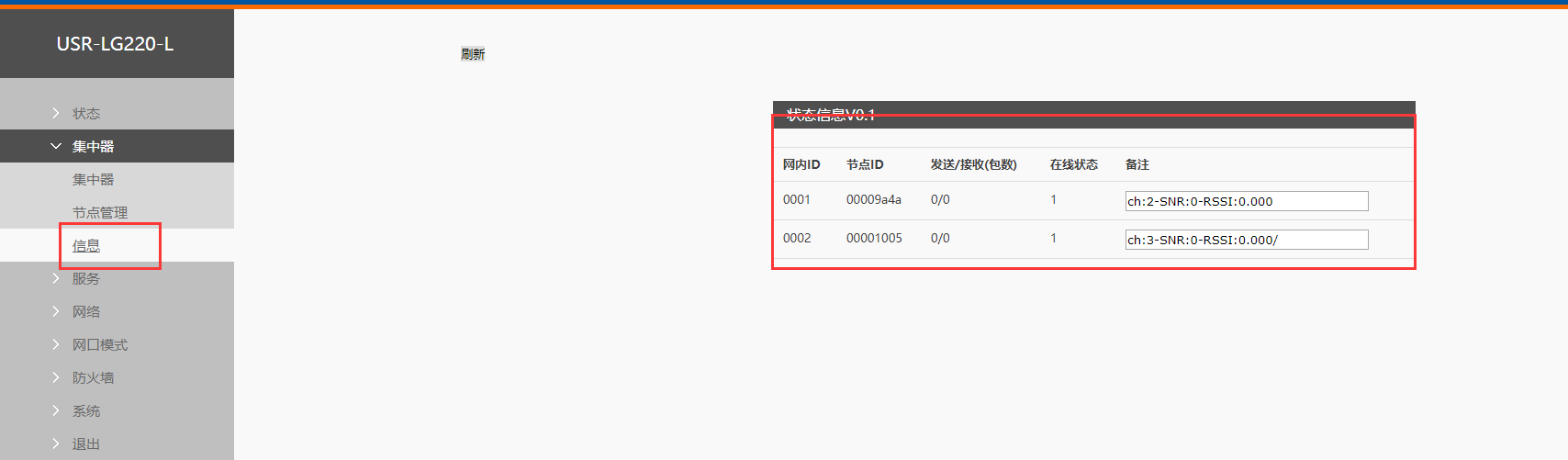 9、重啟完畢登陸集中器在集中器—信息 可參看加入的節(jié)點信息,串口助手會顯示連接對象ip與端口號。
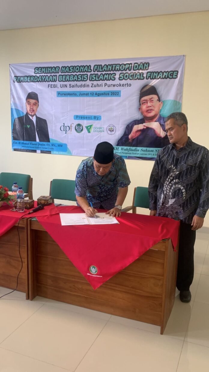 Seminar ini juga menjadi momentum penandatanganan kerjasama antara LAZNAS DPF dengan UIN Saizu Purwokerto di bidang pendidikan, penelitan dan pemberdayaan masyarakat. Kerja sama ini dianggap sudah sejalan dengan konsep pentahelix dalam upaya percepatan pembangunan di tengah-tengah masyarakat. Selain itu, UIN Saizu Purwokerto sendiri, khususnya di Fakultas Ekonomi dan Bisnis Islam, memiliki program studi manajemen wakaf dan zakat. Tentu sangat besar harapannya untuk lahir dari program studi dari salah satu kampus besar Islam di Jawa Tengah ini para amil dan nazir yang profesional *
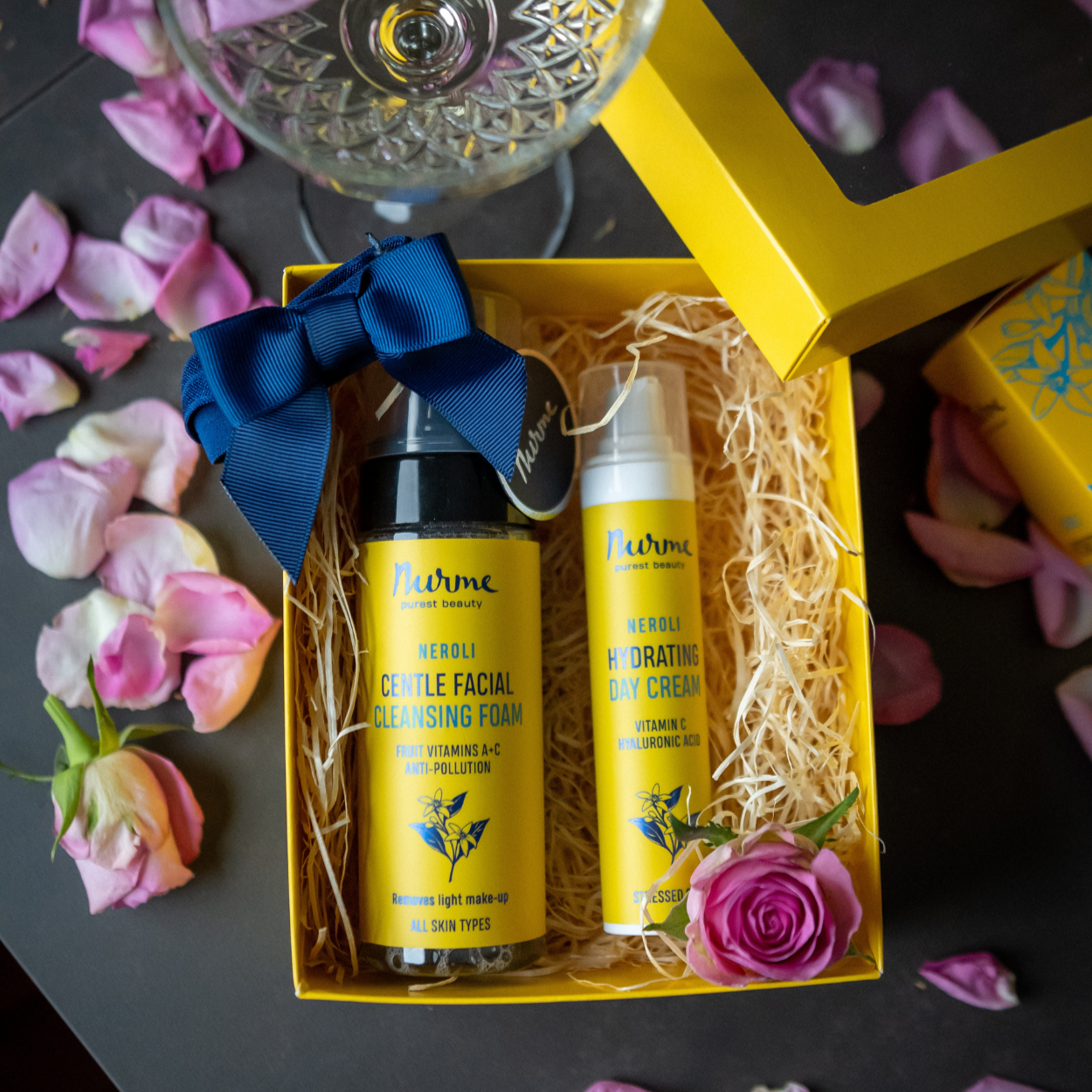 Le coffret cadeau Nurme "Routine du Matin" contient une Crème de Jour au Néroli (50 ml) et une Mousse Nettoyante Visage au Néroli (150 ml) dans une élégante boîte cadeau. Ces produits de soins visage de haute qualité sauront séduire toutes les femmes. "Routine du Matin" est le choix idéal pour un cadeau d'anniversaire ou à placer dans la hotte du Père Noël.
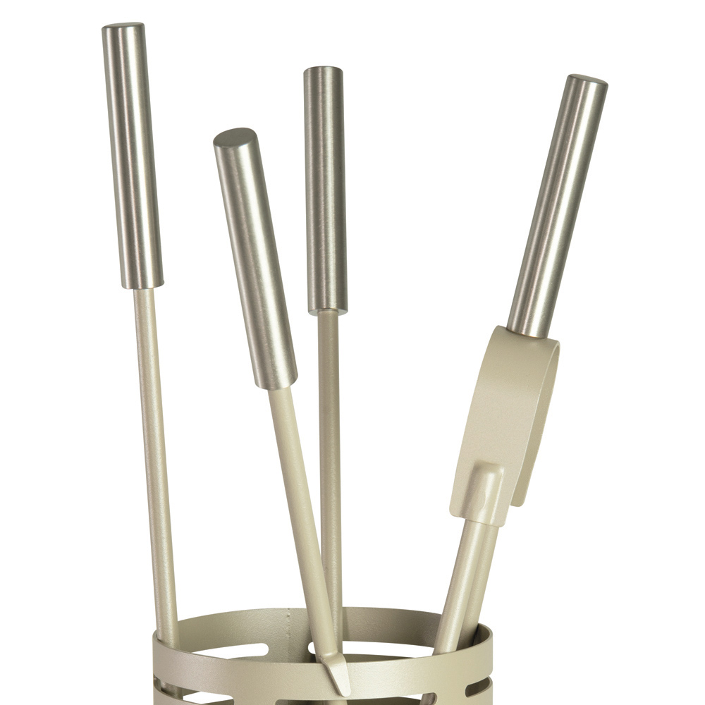 Questo porta attrezzi non solo aggiunge funzionalità al vostro spazio living ma serve anche come un punto focale di design, grazie alla sua presenza discreta e sofisticata. Con questo set, avrete sempre gli strumenti necessari a portata di mano per godervi il calore del vostro camino in maniera sicura e senza disordine.
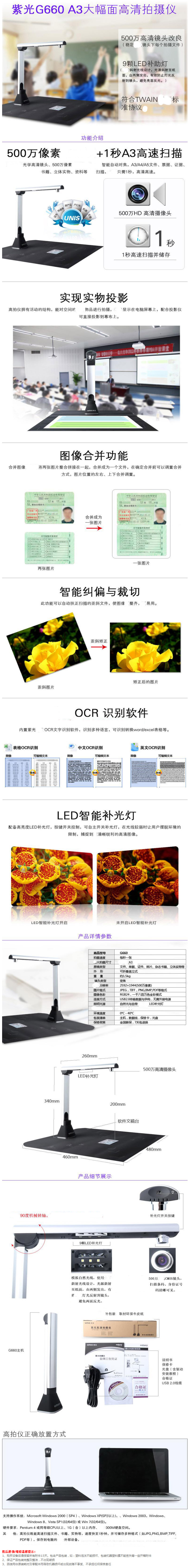 商品名称:清华紫光 高拍仪A3幅面500万像素文件拍摄扫描仪 G660
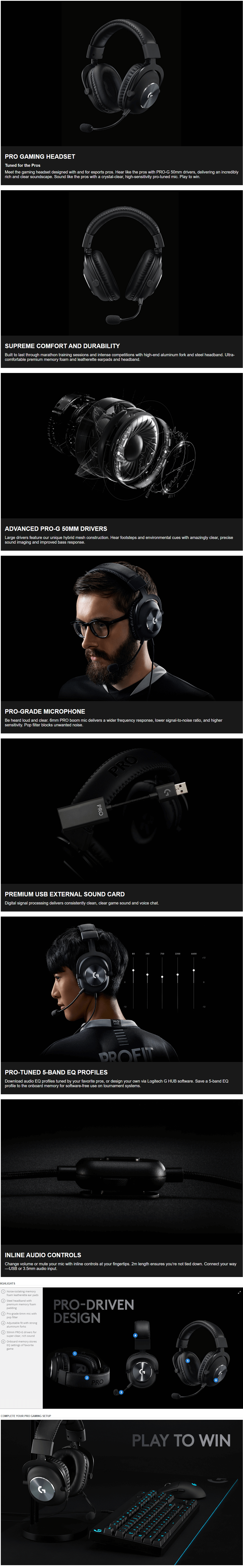 Logitech G Pro Gaming Headset with Pro Grade Mic for Pc, PC VR, Mac, Xbox One, Playstation 4, Nintendo Switch
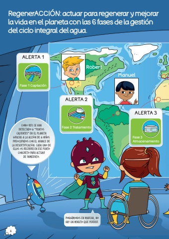 RegenerACCI%u00d3N: actuar para regenerar y mejorar la vida en el planeta con las 6 fases de la gesti%u00f3n del ciclo integral del agua.Robert ALERTA 1 ALERTA 2 ALERTA 3Fase 1 Captaci%u00f3nFase 2 TratamientoFase 3AlmacenamientoComo veis se han detectado 6 %u201cpuntos calientes%u201d en el planeta gracias a la acci%u00f3n de 6 ni%u00f1os preocupados con el avance de la desertificaci%u00f3n. Cada uno de ellos os recibir%u00e1 en ese punto concreto para actuar de inmediato. Pong%u00e1monos en marcha, no hay un minuto que perder.Manuel 6
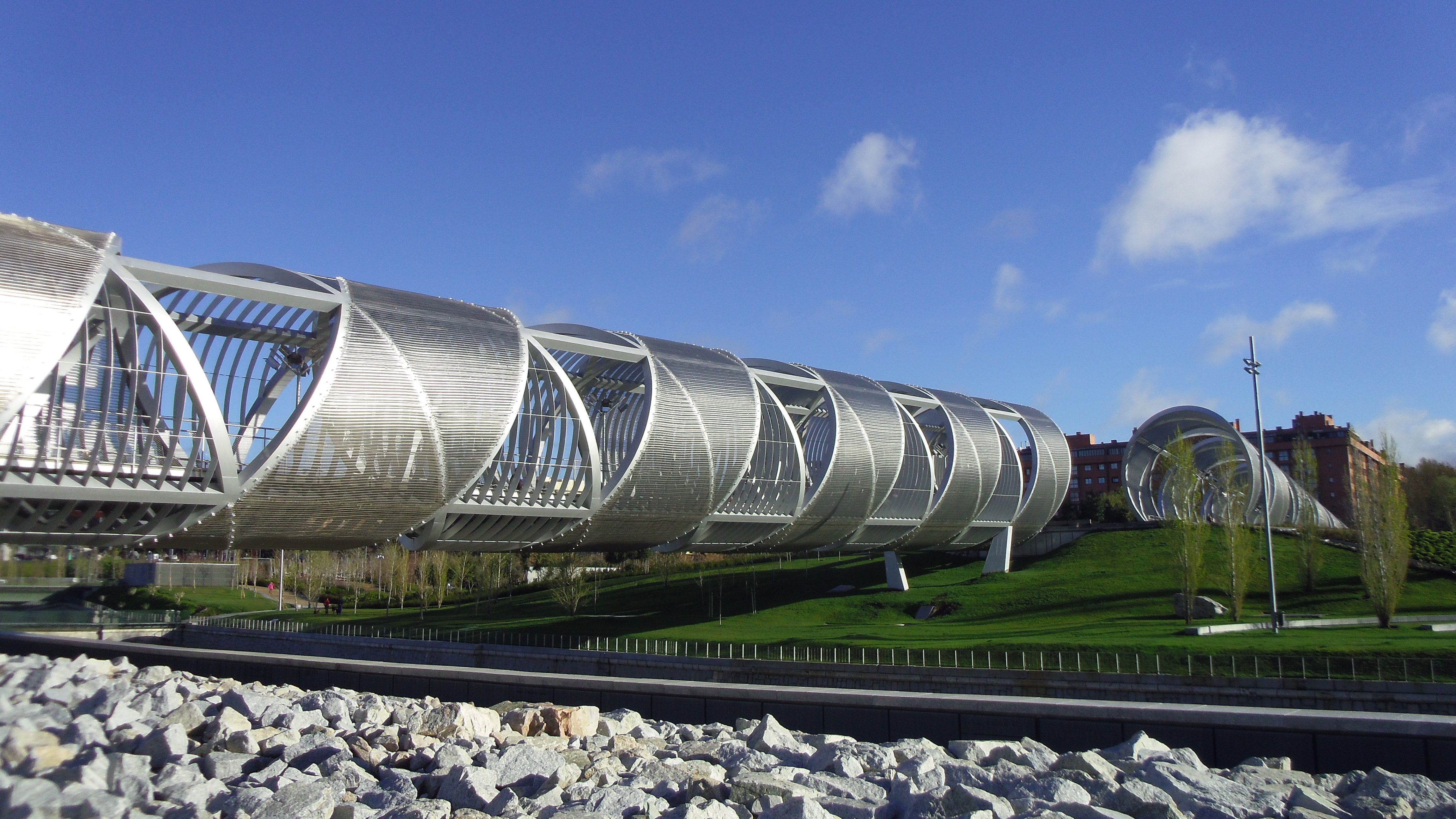 El puente de Arganzuela no forma parte de esos titanes de la ingeniería que acabamos de ver en Cádiz y Bilbao. Sus dimensiones son más modestas, pero su papel es crucial para Madrid Río, una de las remodelaciones urbanísticas más ambiciosas de Madrid. Un gran proyecto que empezó con el soterramiento de la M-30 Sur y que continúa con el progresivo ajardinamiento de las márgenes del Manzanares. Sus 278 metros vuelan sobre el parque y el río para unir los distritos de Carabanchel y Arganzuela y solventar parte de la brecha geográfica y social que la principal circunvalación de la capital ha ocasionado entre los barrios de la Almendra y los de fuera. Proyectado por Dominique Perrault, quien comandó también el diseño de la Caja Mágica, fue inaugurado en 2011 y su silueta helicoidal ya es todo un icono madrileño que ha redefinido y revolucionado los límites meridionales de la ciudad.
# # # # # # #
● PROMPT: Line by line, write out the material above exactly, with no images.

● RESPONSE BELOW:
 9、重啟完畢登陸集中器在集中器—信息 可參看加入的節(jié)點信息,串口助手會顯示連接對象ip與端口號。
 Seminar ini juga menjadi momentum penandatanganan kerjasama antara LAZNAS DPF dengan UIN Saizu Purwokerto di bidang pendidikan, penelitan dan pemberdayaan masyarakat. Kerja sama ini dianggap sudah sejalan dengan konsep pentahelix dalam upaya percepatan pembangunan di tengah-tengah masyarakat. Selain itu, UIN Saizu Purwokerto sendiri, khususnya di Fakultas Ekonomi dan Bisnis Islam, memiliki program studi manajemen wakaf dan zakat. Tentu sangat besar harapannya untuk lahir dari program studi dari salah satu kampus besar Islam di Jawa Tengah ini para amil dan nazir yang profesional *
 Le coffret cadeau Nurme "Routine du Matin" contient une Crème de Jour au Néroli (50 ml) et une Mousse Nettoyante Visage au Néroli (150 ml) dans une élégante boîte cadeau. Ces produits de soins visage de haute qualité sauront séduire toutes les femmes. "Routine du Matin" est le choix idéal pour un cadeau d'anniversaire ou à placer dans la hotte du Père Noël.
 Questo porta attrezzi non solo aggiunge funzionalità al vostro spazio living ma serve anche come un punto focale di design, grazie alla sua presenza discreta e sofisticata. Con questo set, avrete sempre gli strumenti necessari a portata di mano per godervi il calore del vostro camino in maniera sicura e senza disordine.
 商品名称:清华紫光 高拍仪A3幅面500万像素文件拍摄扫描仪 G660
 Logitech G Pro Gaming Headset with Pro Grade Mic for Pc, PC VR, Mac, Xbox One, Playstation 4, Nintendo Switch
 RegenerACCI%u00d3N: actuar para regenerar y mejorar la vida en el planeta con las 6 fases de la gesti%u00f3n del ciclo integral del agua.Robert ALERTA 1 ALERTA 2 ALERTA 3Fase 1 Captaci%u00f3nFase 2 TratamientoFase 3AlmacenamientoComo veis se han detectado 6 %u201cpuntos calientes%u201d en el planeta gracias a la acci%u00f3n de 6 ni%u00f1os preocupados con el avance de la desertificaci%u00f3n. Cada uno de ellos os recibir%u00e1 en ese punto concreto para actuar de inmediato. Pong%u00e1monos en marcha, no hay un minuto que perder.Manuel 6
 El puente de Arganzuela no forma parte de esos titanes de la ingeniería que acabamos de ver en Cádiz y Bilbao. Sus dimensiones son más modestas, pero su papel es crucial para Madrid Río, una de las remodelaciones urbanísticas más ambiciosas de Madrid. Un gran proyecto que empezó con el soterramiento de la M-30 Sur y que continúa con el progresivo ajardinamiento de las márgenes del Manzanares. Sus 278 metros vuelan sobre el parque y el río para unir los distritos de Carabanchel y Arganzuela y solventar parte de la brecha geográfica y social que la principal circunvalación de la capital ha ocasionado entre los barrios de la Almendra y los de fuera. Proyectado por Dominique Perrault, quien comandó también el diseño de la Caja Mágica, fue inaugurado en 2011 y su silueta helicoidal ya es todo un icono madrileño que ha redefinido y revolucionado los límites meridionales de la ciudad.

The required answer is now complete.